Characterizing the three‐dimensional distribution of schooling reef fish with a portable multibeam echosounder

Abstract

AbstractMultispecies schools of small planktivorous fishes are important constituents of reefs and coastal infrastructure; however, determining the extent and distribution of these schools is challenging. Here, we describe a novel use of a low‐cost portable multibeam echosounder from a small vessel, which can concurrently measure detailed bathymetry and the distribution of mid‐water targets with high spatial accuracy, regardless of light availability or water clarity. Fish abundance and biomass are not easily quantified by multibeam echosounders, so we developed a new metric for delineating the gridded horizontal distribution of school thickness, and assessed the metric's efficacy by examining its correlation with mean volume backscattering strength derived from a calibrated 38 kHz split‐beam echosounder (R = 0.67).

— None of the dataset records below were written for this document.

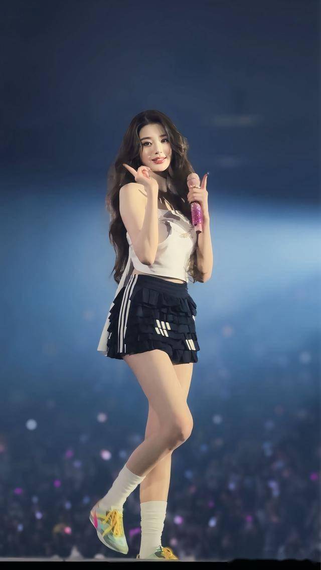 蓬蓬裙对下半身有极佳的修饰作用,尤其适合梨形身材或希望隐藏臀部线条的人群。而IU本身拥有优越的腿型,在蓬蓬裙的衬托下,腿部显得更加修长。黑丝连脚袜则进一步强化了这一效果,其紧致包裹性让腿部线条更显流畅。
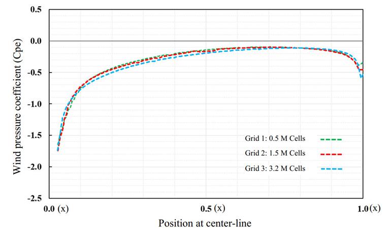 Wyniki w symulacji CFD są wrażliwe na rozmiar siatki, dlatego niezależność od siatki powinna być realizowana dla co najmniej trzech różnych liczebności elementów siatki. Oto wyniki wartości Cp na linii środkowej dachu; jak można zauważyć, występują bardzo niewielkie różnice, które pokazują, że wyniki symulacji wiatru stają się niezależne od trzeciej siatki (Obraz 08).
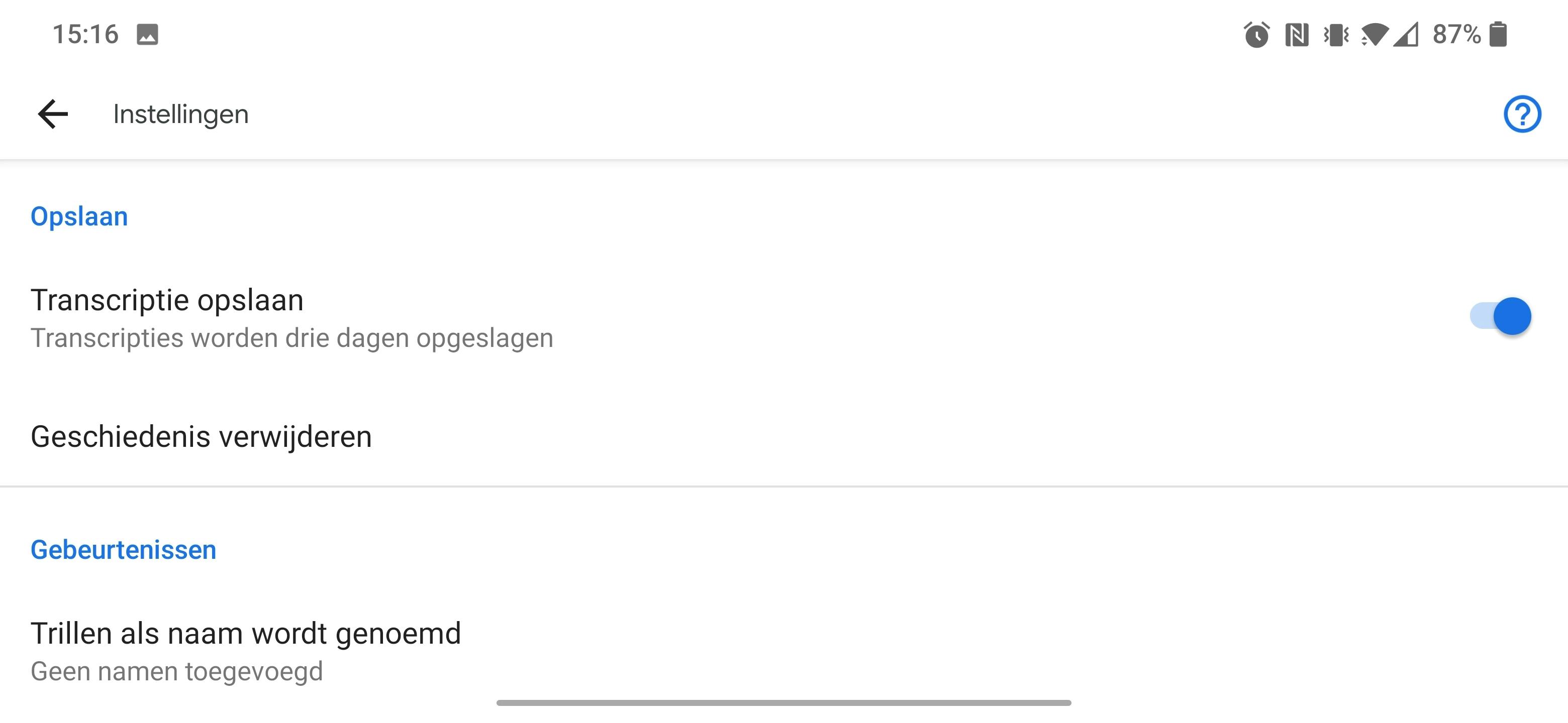 Nu je toch in de app-instellingen zit, activeer dan bij het onderdeel Opslaan meteen even de optie Transcriptie opslaan. Vanaf dat moment blijft alle herkende tekst maximaal drie dagen beschikbaar in de app.
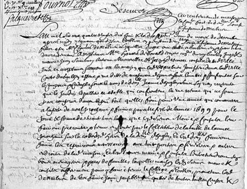 1698, 17 décembre- Demoiselles Louise et Suzanne de Malrieu, filles de feu Mr Charles de Malrieu, baillent par arrentement à MM. Honoré de Bonald, écuyer, conseiller du roi, bailli, juge et maire, Jean Sambucy, Antoine Marcorelles et Joseph Descuret, consuls de Millau, la maison qu’elles ont dans la ville, carte de Guilhem Esteve et rue dite de Matarou (?) [1], mentionnée sur le compois sous le nom de Demoiselle Jeanne D’Hugla, [2]. sans rien réserver sinon le jardin, le pallier et étable, qui confrontent la rue Neuve, pour une année, de Noël 1698 à Noël 1699, pour le prix de 33 livres que les maire et consuls leur feront compter par le collecteur de la taille de l’année 1699, sur la cote des héritiers de la Demoiselle Dhugla. Elles feront faire les réparations nécessaires aux toits, portes, fenêtres, etc. Les maire et consuls l’entretiendront et y tiendront le collège et les écoles...
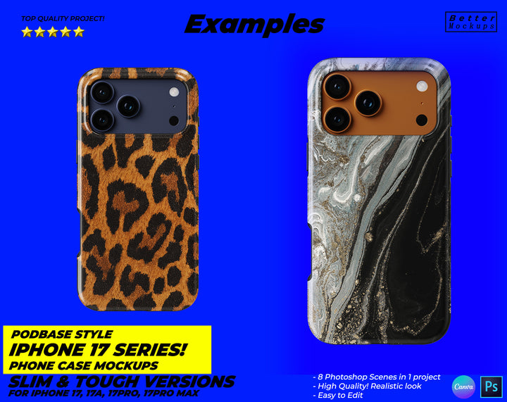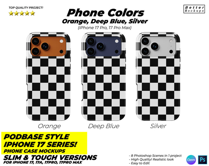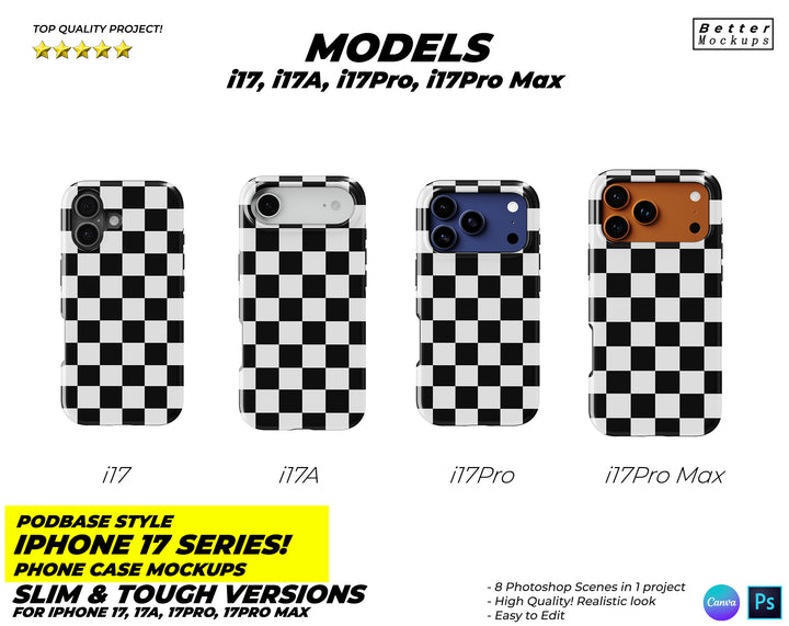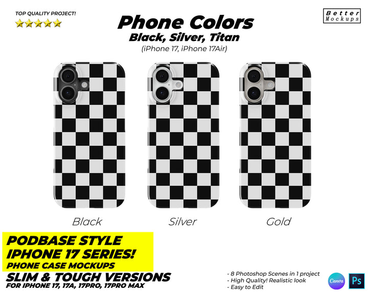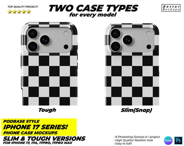This iPhone 17 mockup pack is ideal for sellers and designers working with print-on-demand platforms like Podbase, Printify, Printful, Gelato, and Casestry. Whether you're creating designs for the iPhone 17, iPhone 17 Air, iPhone 17 Pro, or iPhone 17 Pro Max, these mockups are perfect for showcasing Snap (Slim) and Tough case styles in a professional, polished way.
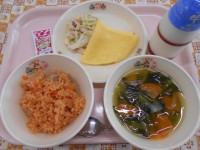 【今日の献立】 ・牛乳 ・白飯 ・鶏肉とれんこんの揚げ煮 ・ふだま汁 ・りんご
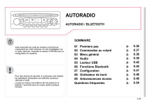 AUTORADIO AUTORADIO / BLUETOOTH SOMMAIRE Votre Autoradio est codé de manière à fonctionner uniquement sur votre véhicule. En cas d’installation sur un autre véhicule, consultez le réseau CITROËN pour la configuration du système. Pour des raisons de sécurité, le conducteur doit réaliser les opérations nécessitant une attention soutenue véhicule à l’arrêt. Lorsque le moteur est arrêté et afin de préserver la batterie, l’autoradio peut se couper après quelques minutes. 01 Premiers pas 02 Commandes au volant 03 Menu général 04 Audio 05 Lecteur USB 06 Fonctions Bluetooth 07 Configuration 08 Ordinateur de bord 09 Arborescences écrans Questions fréquentes p. p. p. p. p. p. p. p. p. p. 9.36 9.37 9.38 9.39 9.42 9.45 9.47 9.48 9.49 9.54 9.35 01 PREMIERS PAS 2 4 3 5 6 7 9 8 1 10 15 1. 2. 3. 4. 5. 6. 7. 9.36 Marche / Arrêt et réglage du volume. Ejection du CD. Sélection de l’affichage à l’écran entre les modes : Fonctions audio (AUDIO), Ordinateur de bord (TRIP) et Téléphone (TEL). Sélection de la source : radio, CD audio / CD MP3, USB, connexion Jack, Streaming. Sélection des gammes d’ondes FM1, FM2, FMast et AM. Réglage des options audio : balance avant / arrière, gauche / droite, loudness, ambiances sonores. Affichage de la liste des stations locales, des plages du CD ou des répertoires MP3. 8. 9. 14 13 Abandonner l’opération en cours. Marche / Arrêt de la fonction TA (Annonce Trafic). Appui long : accès au mode PTY (TYpes de Programmes radio). 10. Validation. 11. Recherche automatique fréquence inférieure / supérieure. Sélection plage CD, MP3 ou USB précédente / suivante. 12. Sélection fréquence radio inférieure / supérieure. Sélection répertoire MP3 précédent / suivant. Sélection répertoire / genre / artiste / playlist précédente / suivante de l’équipement USB. 11 12 13. Affichage du menu général. 14. Touches 1 à 6 : Sélection station de radio mémorisée. Appui long : mémorisation d’une station. 15. La touche DARK modifie l’affichage de l’écran pour un meilleur confort de conduite la nuit. 1er appui : éclairage du bandeau supérieur uniquement. 2ème appui : affichage d’un écran noir. 3ème appui : retour à l’affichage standard. ">
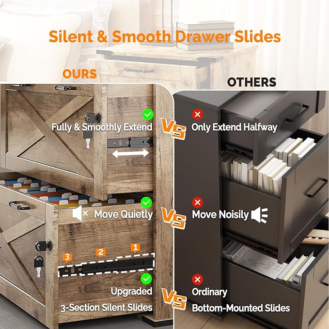 - 【Silent Sliding Perfection】The three-section slides ensure the drawers extend fully and smoothly, without a hint of noise, making it convenient for you to search for and access your file folders.

We measured the distribution of fish school thickness around clusters of large concrete modules of an artificial reef using a multibeam echosounder, complemented with underwater video to aid species identification. The mean distribution of school thickness was mapped around the reef field with generalized additive mixed models. Model spatial predictions indicated schools aggregated around module clusters, rather than individual modules. Dynamic schools of fish in relatively shallow coastal waters (~ 30 m) can be surveyed over 400,000 m2 at 3 m s−1 in just 60 min. Portable multibeam echosounders are an accessible and valuable addition to quantifying the dynamic distributions of coastal fishes around features with high vertical relief.